This topic describes how to create Spark jobs, view the details of Spark jobs, and terminate Spark jobs.
Prerequisites
Lindorm Distributed Processing System (LDPS) is activated for the Lindorm instance. For more information, see Activate LDPS and modify the configurations.
A job is developed. For more information, see Create a job in Java or Create a job in Python.
The developed job is uploaded to HDFS or Object Storage Service (OSS). For more information, see Upload files in the Lindorm console.
Create a Spark job
Log on to the Lindorm console.
In the upper-left corner of the page, select the region where the instance is deployed.

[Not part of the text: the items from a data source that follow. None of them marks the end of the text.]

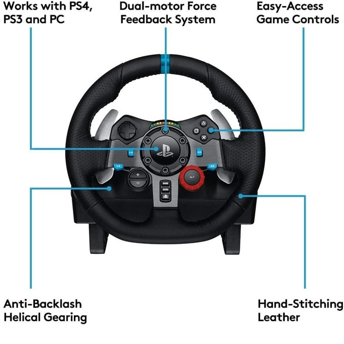 Волан с педали Logitech G29 Driving Force (941-000112), PC, PS3/PS4/PS5, състезателен модел, 900 градуса на завъртане, черен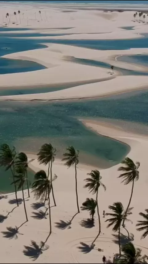 Lençóis Maranhenses? NÃO! Esses são os Pequenos Lençóis, em Tutóia, no Maranhão. Geralmente quem faz a Rota das Emoções passa por esse paraíso. Além das famosas lagoas, aqui o visual conta com enormes coqueiros e proximidade com o mar. Conta pra mim: você já tinha ouvido falar dos Pequenos Lençóis?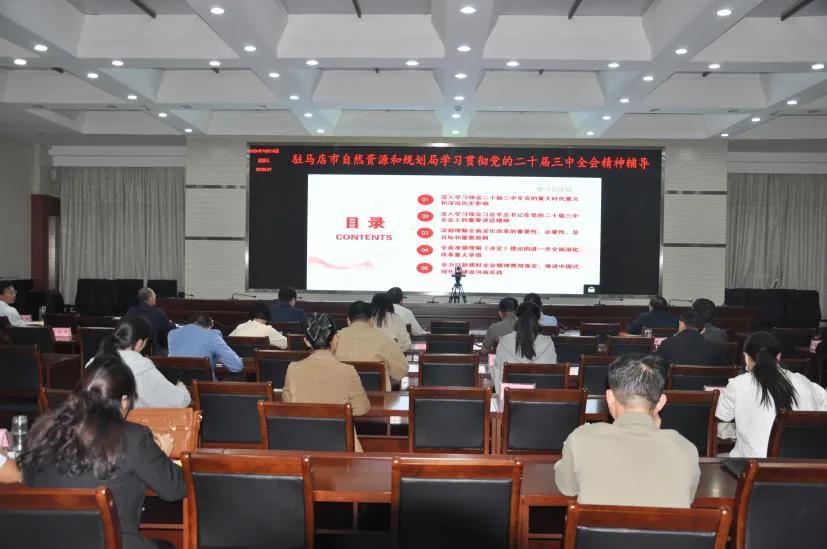 10月15日至10月16日,市自然资源和规划局组织党员干部职工观看学习贯彻党的二十届三中全会精神专题辅导讲座,以视频会议的形式聆听了省社科联主席、党组书记李庚香以《深学细悟党的二十届三中全会精神,推进中国式现代化建设河南实践》为题的专题辅导。会议强调,要深入学习领会党的二十届三中全会的重大意义,努力在学习宣传贯彻全会精神上走在前、做表率,推进自然资源和规划工作高质量发展。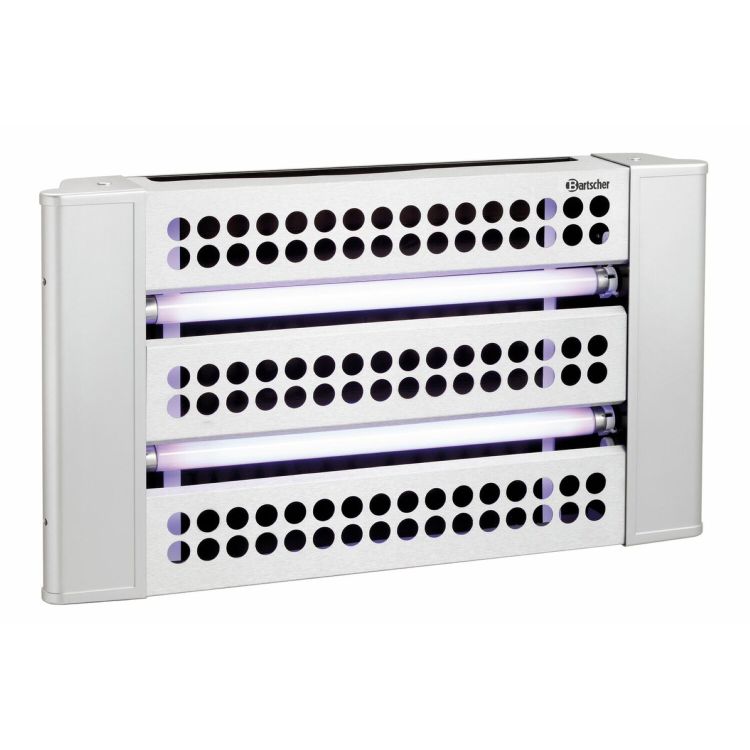 Montage mural ou utilisation en pose libre. Destructeur d'insectes hygiénique, silencieux et sans odeurs. Les insectes sont attirés par les UV des tubes lumineux et restent accrochés à la feuille engluée située à l'arrière. Bâti en matière plastique et aluminium. 2 tubes fluorescents UVA : 2x15 W. Feuille engluée : L 39 x H 31,3 cm. Champ d'action 10 m. Garantie 2 ans. Puissance : 30 W / 230 V, 50/60 Hz. Livré avec 2 feuilles engluées et matériel de fixation murale. Poids 2,4 kg.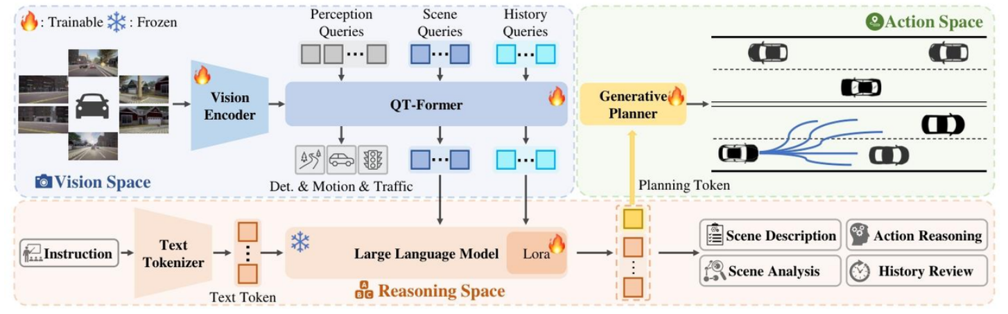 - 端到端⾃动驾驶的瓶颈:传统端到端⽅法在闭环评估中因因果推理能⼒有限,难以做出正确决策。尽管视觉语⾔模型(VLM)具备强⼤的理解和推理能⼒,但其语义推理空间与动作空间的数值轨迹输出存在鸿沟,导致闭环性能不佳。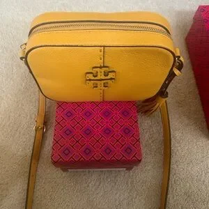 Chic Tory Burch crossbody camera bag in vibrant yellow. Perfect for adding a pop of color.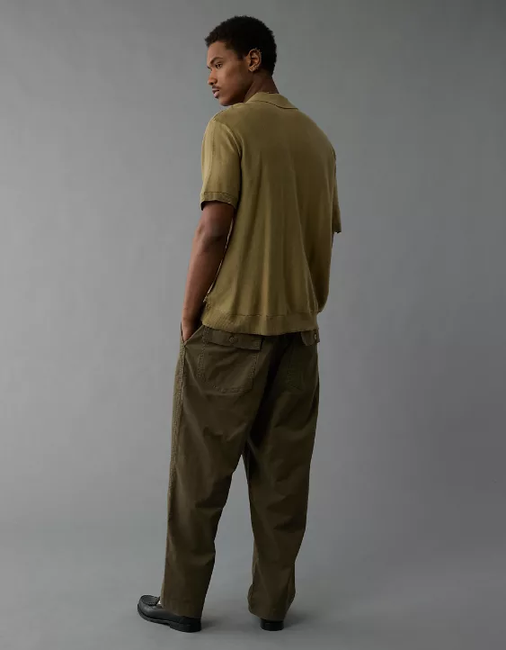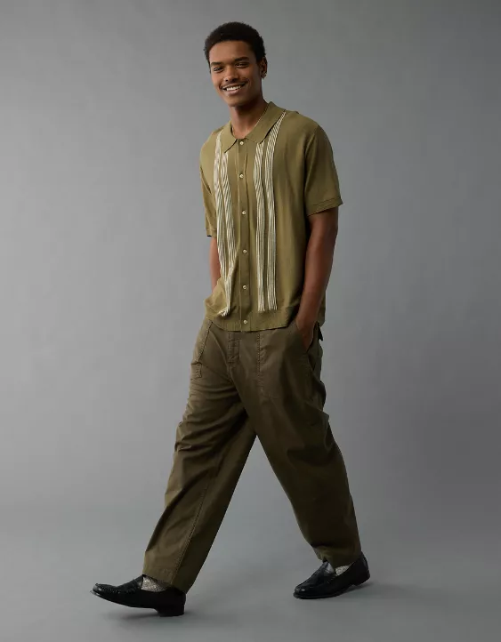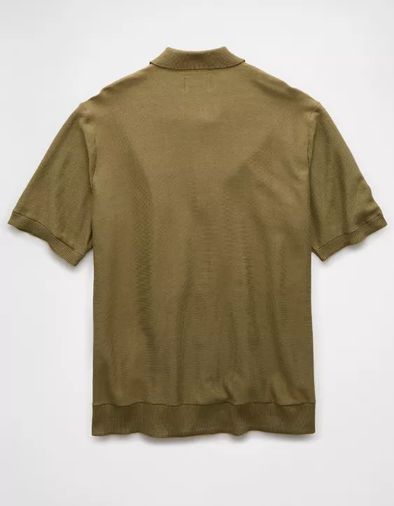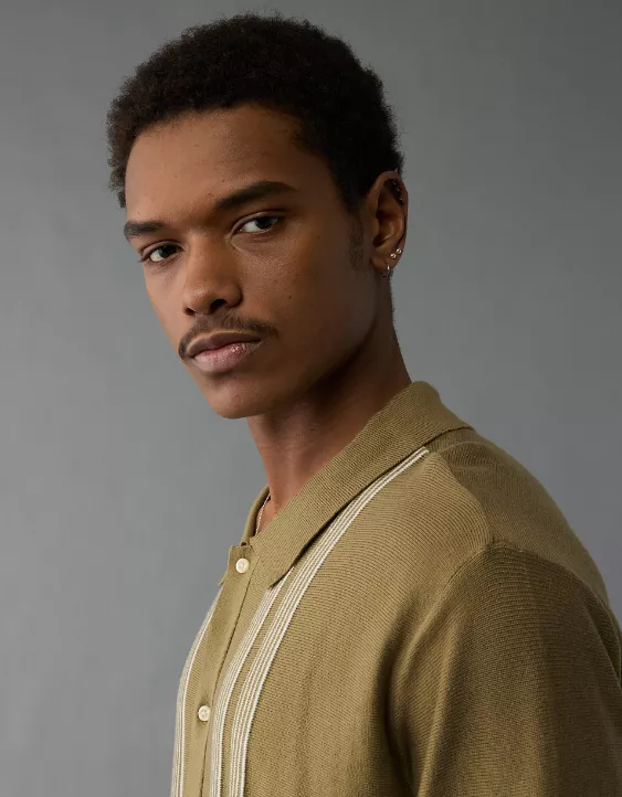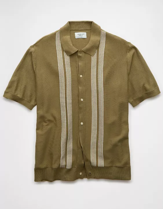 AE Weekend Button-Up Striped Sweater Polo Shirt Green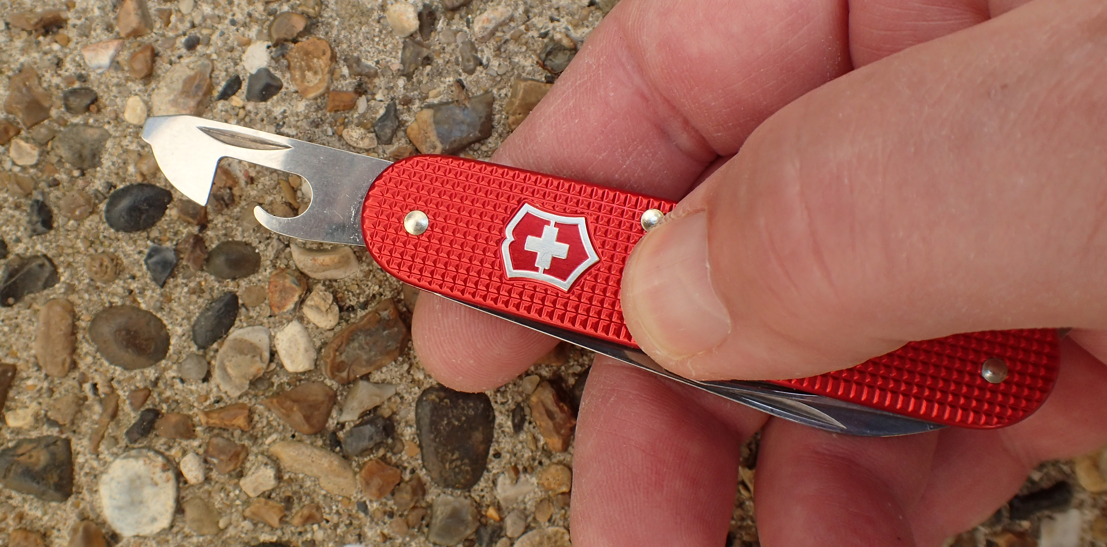 The 84mm Victorinox Alox Cadet weighs 45.9g and includes a really efficient tin opener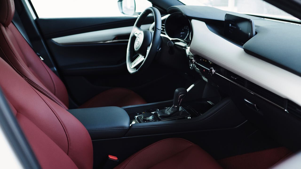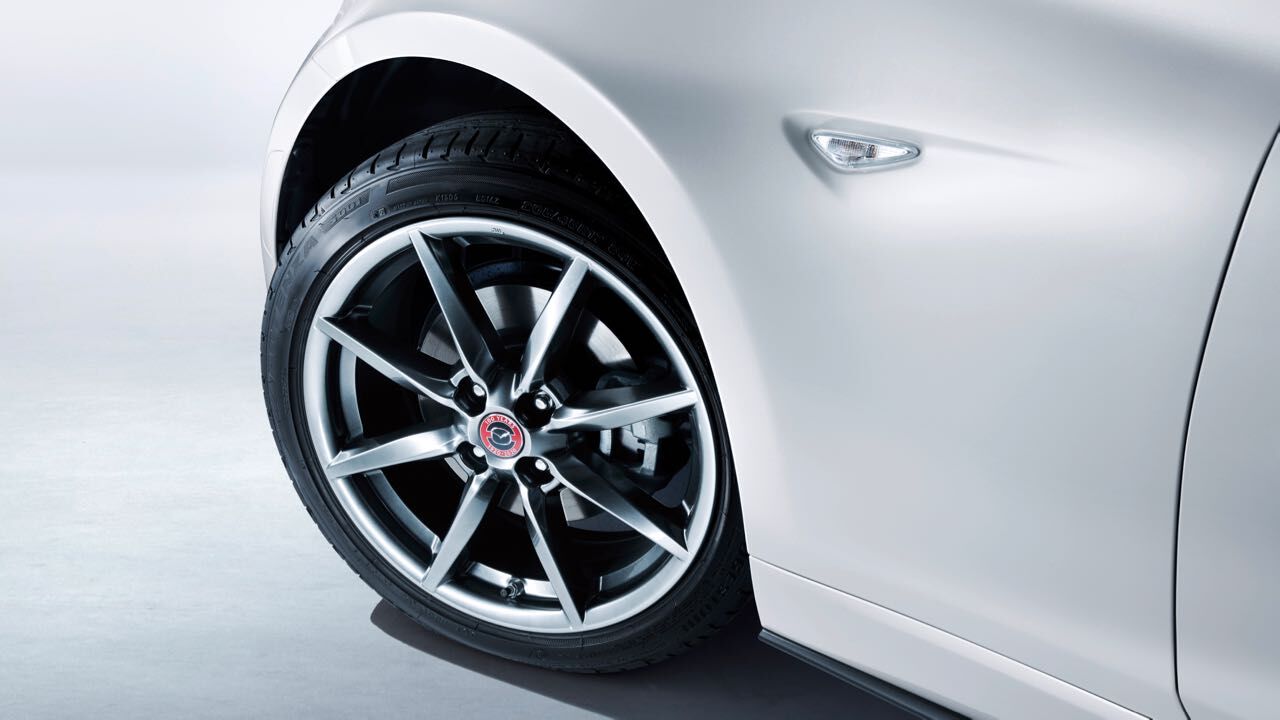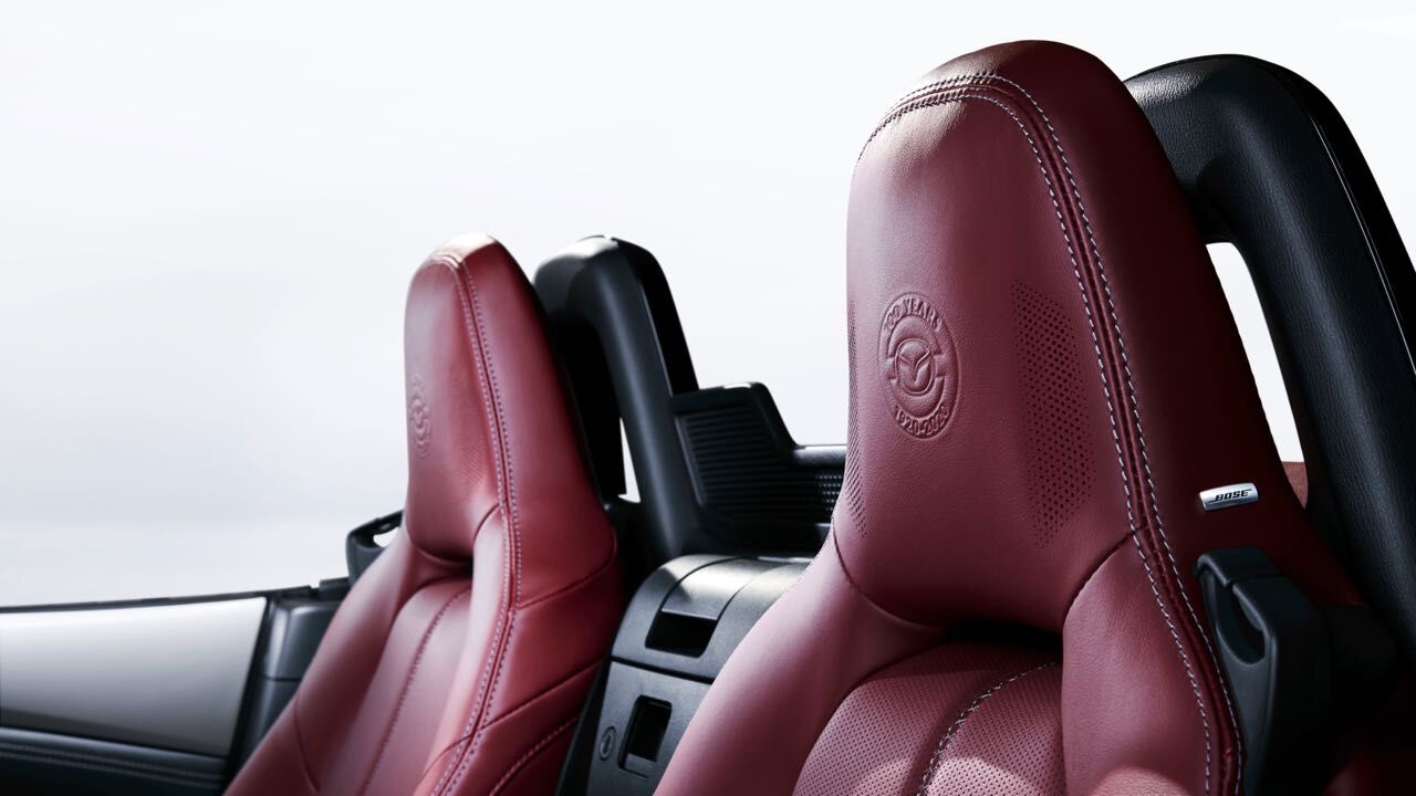 El Mazda MX-5 100 Aniversario tiene una carrocería en blanco perlado, que combina a la perfección con la capota y la tapicería en piel, ambos en color burdeos o los arcos antivuelco en negro brillante. Las llantas de 16 pulgadas tienen el emblema 100 Aniversario grabado, un detalle que encontramos también en las aletas delanteras. La funda de la llave es también especial, así como las alfombrillas.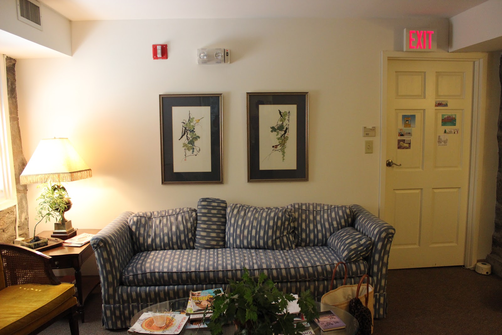 We tried to disguise that door by painting it the same color of the walls and even added a picture on it. We are nothing if not clever.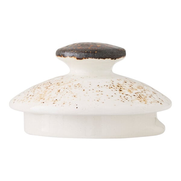 This lid is a direct replacement for the one that came with your Steelite Performance Craft 15 oz. white club teapot. Featuring a rustic design inspired by generations of handcrafted pottery, this lid combines traditional charm with contemporary appeal. Its unique speckled pattern gives each piece a one-of-a-kind look, making it a distinctive choice for any table setting. Crafted from durable alumina vitrified china, this lid provides long-lasting performance, making it ideal for frequent use in busy environments.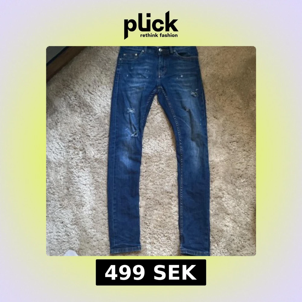 Säljer ett par blå jeans med coola slitningar och lätt tvättad look. Jeansen har klassisk femficksdesign, smal passform och är tillverkade i stretchigt denim för skön känsla. Perfekta för dig som gillar en streetig stil och vill ha jeans med attityd.
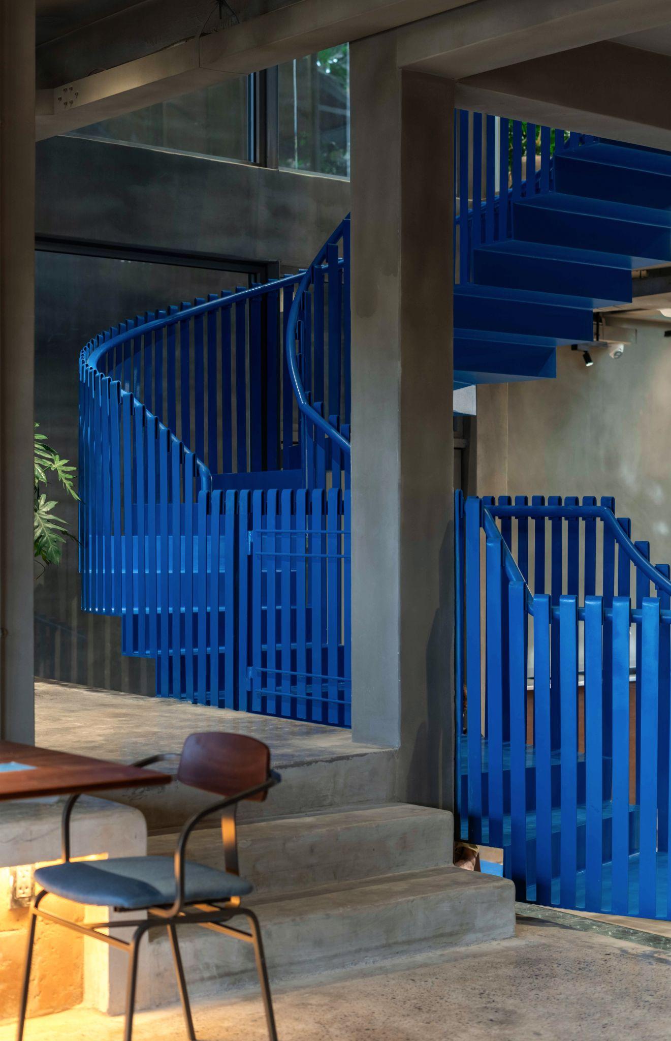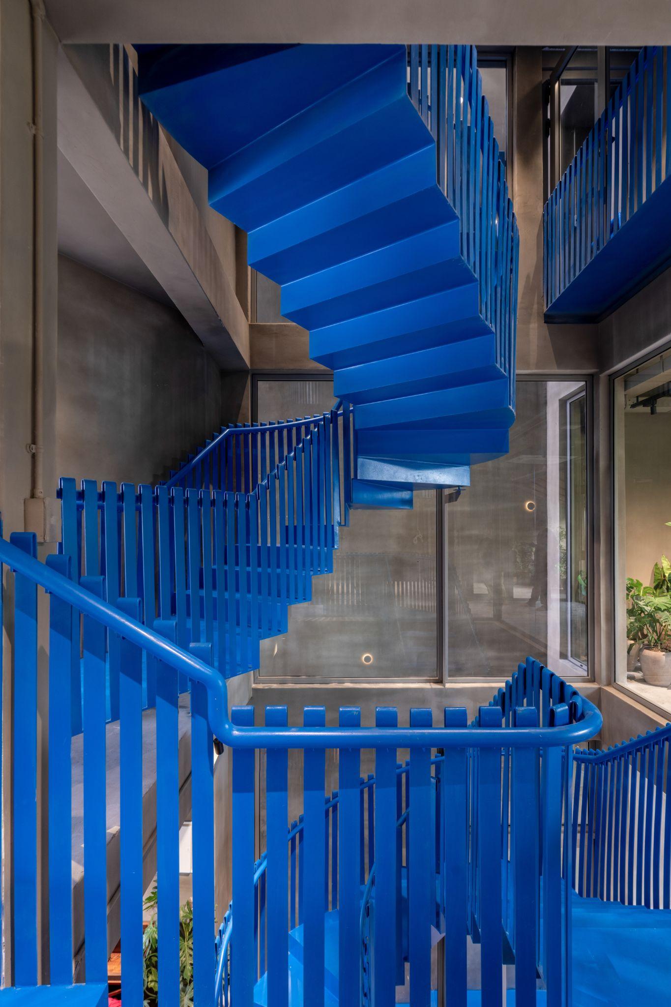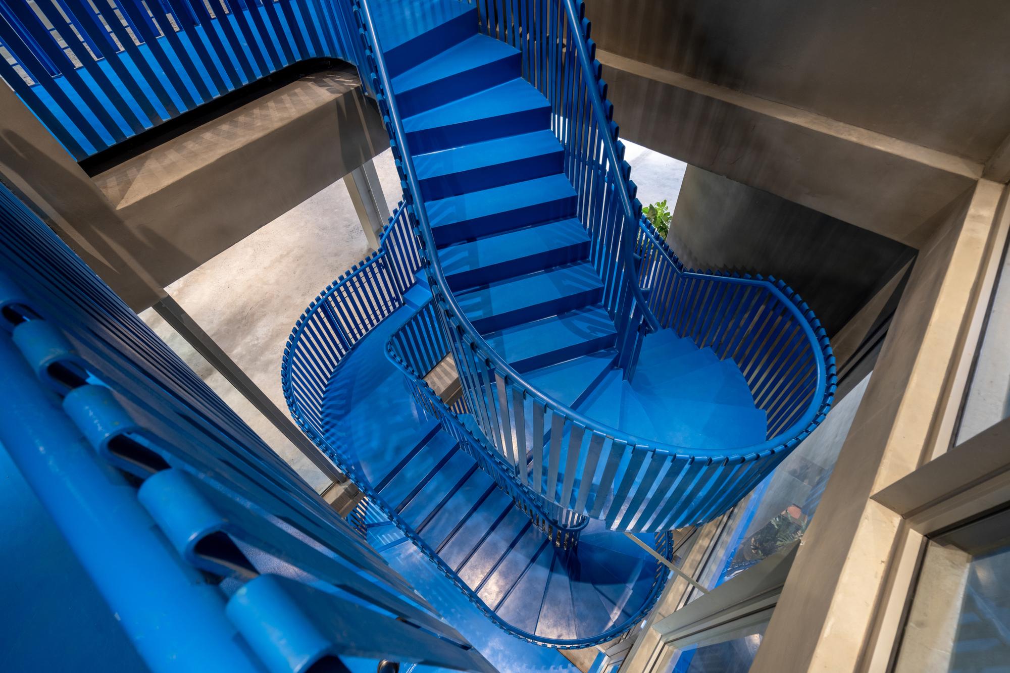 Cầu thang xoắn màu xanh lam nổi bật trong không gian như một tác phẩm điêu khắc, không chỉ dẫn dắt chuyển động qua các tầng mà còn mang đến một cảm giác chuyển động liên tục. Chiếc cầu thang đặc biệt này cũng tạo thành trục trung tâm cho công trình.

On the Instances page, click the ID of the instance that you want to manage or click Manage in the Actions column corresponding to the instance.
In the left-side navigation pane, click Compute Engine.
Click the Job Management tab.
Click Create Job.
In the Create Job dialog box, specify the job name and select the job type.
Configure the parameters described in the following table based on the job template. Keep the default values of other parameters.
Parameter
Description
token
The token that is used to authenticate computing resources when you submit the Spark job. You can obtain the token by performing the following steps in the Lindorm console: Click the ID of the Lindorm instance. In the left-side navigation pane, click Database Connections, and then click the Compute Engine tab.
mainResource
The path in which the JAR package or Python file of the job is stored in OSS or HDFS.
mainClass
The class that is used as the entry point for your program in the JAR Spark job.
args
The parameter that is passed to the mainClass parameter.
configs
System parameters of the Spark job. If the job is uploaded to OSS, you must configure the following parameters in configs:
spark.hadoop.fs.oss.endpoint: The path in which the Spark job is stored in OSS.
spark.hadoop.fs.oss.accessKeyId: The AccessKey ID used to access OSS. You can obtain the AccessKey ID in the console. For more information, see Obtain an AccessKey pair.
spark.hadoop.fs.oss.accessKeySecret: The AccessKey secret used to access OSS. You can obtain the AccessKey secret in the console. For more information, see Obtain an AccessKey pair.
spark.hadoop.fs.oss.impl: The class used to access OSS. Set the value to org.apache.hadoop.fs.aliyun.oss.AliyunOSSFileSystem.
Click Save in the upper-right corner of the page.
Click Run in the upper-right corner of the page.
View the details of a Spark job
Log on to the Lindorm console.
In the upper-left corner of the page, select the region where the instance is deployed.
On the Instances page, click the ID of the instance that you want to manage or click Manage in the Actions column corresponding to the instance.
In the left-side navigation pane, click Compute Engine.
Click the Jobs tab to view the details of a Spark job.
Spark job information
Description
JobId
The ID of the Spark job.
AppName
The name of the Spark job.
WebUI Address
The address of the Spark web UI. You can copy the address of the Spark web UI, paste the address in the address bar of your browser, and log on to the Spark web UI by using the username and password of LindormTable to view the details of the Spark job. For the detailed information that is displayed on the Spark web UI page, see View the information about Spark jobs.
NoteYou can obtain the default username and password of LindormTable on the Wide Table Engine tab of the Database Connections page.
Status
The status of the Spark job.
Details
The details of the Spark job status.
Actions
Operations that can be performed on the Spark job.
Terminate a Spark job
Only Spark jobs that are in the Starting or Running state can be terminated.
The termination of Spark jobs does not affect the Lindorm instance.
Log on to the Lindorm console.
In the upper-left corner of the page, select the region where the instance is deployed.
On the Instances page, click the ID of the instance that you want to manage or click Manage in the Actions column corresponding to the instance.
In the left-side navigation pane, click Compute Engine.
Click the Jobs tab.
Find the Spark job that you want to terminate and then click Stop Job in the Actions column corresponding to the job.